Start the distributed training job

python run.py --config-path=examples/deepseek_v3/conf --config-name=config_deepseek_v3.yaml action=run

Stop the distributed training job

python run.py --config-path=examples/deepseek_v3/conf --config-name=config_deepseek_v3.yaml action=stop

YAML Configuration FlagScale leverages Hydra for configuration management, which is organized into two levels: an outer experiment-level YAML file and an inner task-level YAML file.

In the OpenSeek project, we have open-sourced a DeepSeek model with a total parameter count of 16B and an activated parameter count of 2.4B. This model has been thoroughly validated on real-world datasets, and the loss curve will be released shortly.

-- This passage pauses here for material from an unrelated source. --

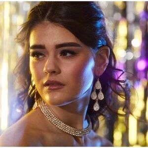 A tiered chandelier evening earring with a teardrop design featuring colored or classic Austrian crystals.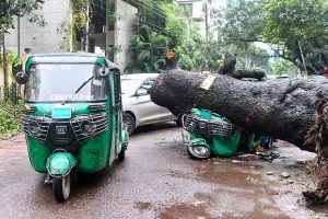 রাজধানীর ধানমন্ডির ৬ নম্বর সড়কে বিশাল আকৃতির একটি গাছ উপড়ে সড়কে থাকা তিনটি গাড়ির ওপর পড়েছে। এতে একটি প্রাইভেট কার, দুটি সিএনজিচালিত অটোরিকশা ও একটি ব্যাটারিচালিত রিকশা ব্যাপকভাবে ক্ষতিগ্রস্ত হয়েছে। গাছের চাপায় অটোরিকশার একজন চালক গুরুতর আহত হয়েছেন। ওই চালককে একটি বেসরকারি হাসপাতালে ভর্তি করা হয়েছে।

  1. Experiment-level YAML: The experiment-level YAML file defines the experiment directory, backend engine, task type, and other related environmental configurations. config_deepseek_v3.yaml

  2. Task-level YAML: The task-level YAML file specifies the model, dataset, and parameters for specific tasks such as training or inference. train_deepseek_v3.yaml

Model Checkpoint conversion

1. HuggingFace --> Megatron

  • FlagScale supports the conversion of open-source models and checkpoints (CKPT) from HuggingFace to the Megatron format. Once the conversion is completed, the CKPT can be loaded, and distributed training can be initiated using FlagScale.
  • For instance, the DeepSeek-V2-Lite 16B model, which is openly available on HuggingFace, can be converted into a CKPT format supported by FlagScale. Subsequently, the model can be directly warm-started by configuring the load option in config_deepseek_v3.yaml.
  • FlagScale conversion supports tensor model parallelism, expert model parallelism, and pipeline model parallelism with even & uneven partitioning of pipeline stages during the checkpoint (CKPT) conversion.

CKPT conversion script

cd FlagScale/tools
python convert.py \
    --model-type deepseek_v3 \
    --loader transformers \
    --saver mcore \
    --load-dir DeepSeek-V2-Lite \
    --save-dir converted_mcore_bf16_model \
    --target-tensor-parallel-size 1 \
    --target-pipeline-parallel-size 2 \
    --target-decoder-first-pipeline-num-layers 13 \
    --target-expert-parallel-size 4 \
    --target-params-dtype bf16 \
    --true-vocab-size 151851

Modify task yaml

Set the load field in the YAML file to the path of the converted checkpoint

system:
  tensor_model_parallel_size: 2
  pipeline_model_parallel_size: 2
  expert_model_parallel_size: 2
  context_parallel_size: 1
  sequence_parallel: true
  use_distributed_optimizer: true
  ...
  checkpoint:
    save_interval: 10000
    load: converted_mcore_bf16_model # the save_dir after conversion
    ckpt_format: torch

Start training

python run.py --config-path=examples/deepseek_v3/conf --config-name=config_deepseek_v3.yaml action=run

2. Megatron --> HuggingFace

FlagScale also supports the conversion of model checkpoints (CKPT) trained on FlagScale into the HuggingFace format, facilitating model release and evaluation.

CKPT conversion script

python convert.py \
    --model-type deepseek_v3 \
    --loader mcore \
    --saver transformers \
    --load-dir bf16_model \
    --save-dir converted_huggingface_model \
    --target-tensor-parallel-size 1 \
    --target-pipeline-parallel-size 1 \
    --target-expert-parallel-size 1 \
    --target-params-dtype bf16 \
    --true-vocab-size 151851 \

Contribute to FlagScale

Currently, we have preliminarily reproduced the DeepSeek V3 pre-training code with the following features:

  • Support for MLA and MTP structures: shared embedding.
  • Support for DeepSeekMoE structure: shared expert, loss-free, etc.
  • Support checkpoint conversion with the Hugging Face.
  • Support for hybrid parallelism of TP (Tensor Parallelism), PP (Pipeline Parallelism), DP (Data Parallelism), and EP (Expert Parallelism).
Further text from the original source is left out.